--- Source material Enclosed Below ---

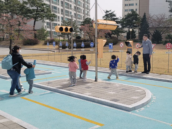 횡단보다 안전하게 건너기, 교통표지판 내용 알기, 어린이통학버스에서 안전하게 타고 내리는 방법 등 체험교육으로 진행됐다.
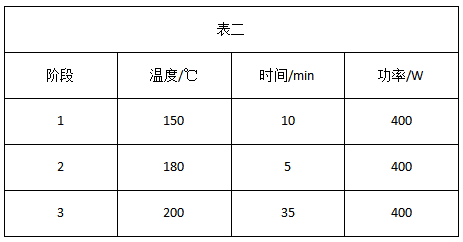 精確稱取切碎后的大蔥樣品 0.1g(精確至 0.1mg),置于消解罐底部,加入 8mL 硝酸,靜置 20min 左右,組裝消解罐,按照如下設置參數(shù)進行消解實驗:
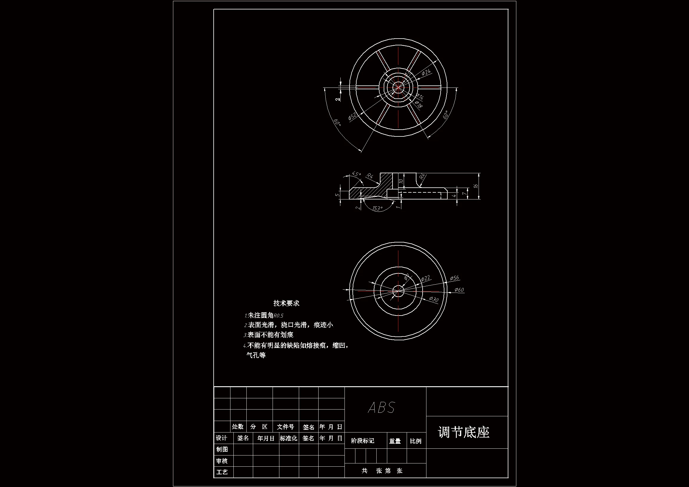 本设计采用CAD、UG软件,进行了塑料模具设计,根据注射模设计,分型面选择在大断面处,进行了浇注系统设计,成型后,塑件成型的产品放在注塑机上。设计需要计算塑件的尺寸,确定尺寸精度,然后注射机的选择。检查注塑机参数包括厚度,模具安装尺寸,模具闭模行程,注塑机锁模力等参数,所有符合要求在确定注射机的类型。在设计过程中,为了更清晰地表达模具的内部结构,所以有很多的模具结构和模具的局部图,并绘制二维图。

--- End of Enclosed Source material ---

#### What you should do:
Exclude every image and return the material above exactly.

#### Answer box:
 횡단보다 안전하게 건너기, 교통표지판 내용 알기, 어린이통학버스에서 안전하게 타고 내리는 방법 등 체험교육으로 진행됐다.
 精確稱取切碎后的大蔥樣品 0.1g(精確至 0.1mg),置于消解罐底部,加入 8mL 硝酸,靜置 20min 左右,組裝消解罐,按照如下設置參數(shù)進行消解實驗:
 本设计采用CAD、UG软件,进行了塑料模具设计,根据注射模设计,分型面选择在大断面处,进行了浇注系统设计,成型后,塑件成型的产品放在注塑机上。设计需要计算塑件的尺寸,确定尺寸精度,然后注射机的选择。检查注塑机参数包括厚度,模具安装尺寸,模具闭模行程,注塑机锁模力等参数,所有符合要求在确定注射机的类型。在设计过程中,为了更清晰地表达模具的内部结构,所以有很多的模具结构和模具的局部图,并绘制二维图。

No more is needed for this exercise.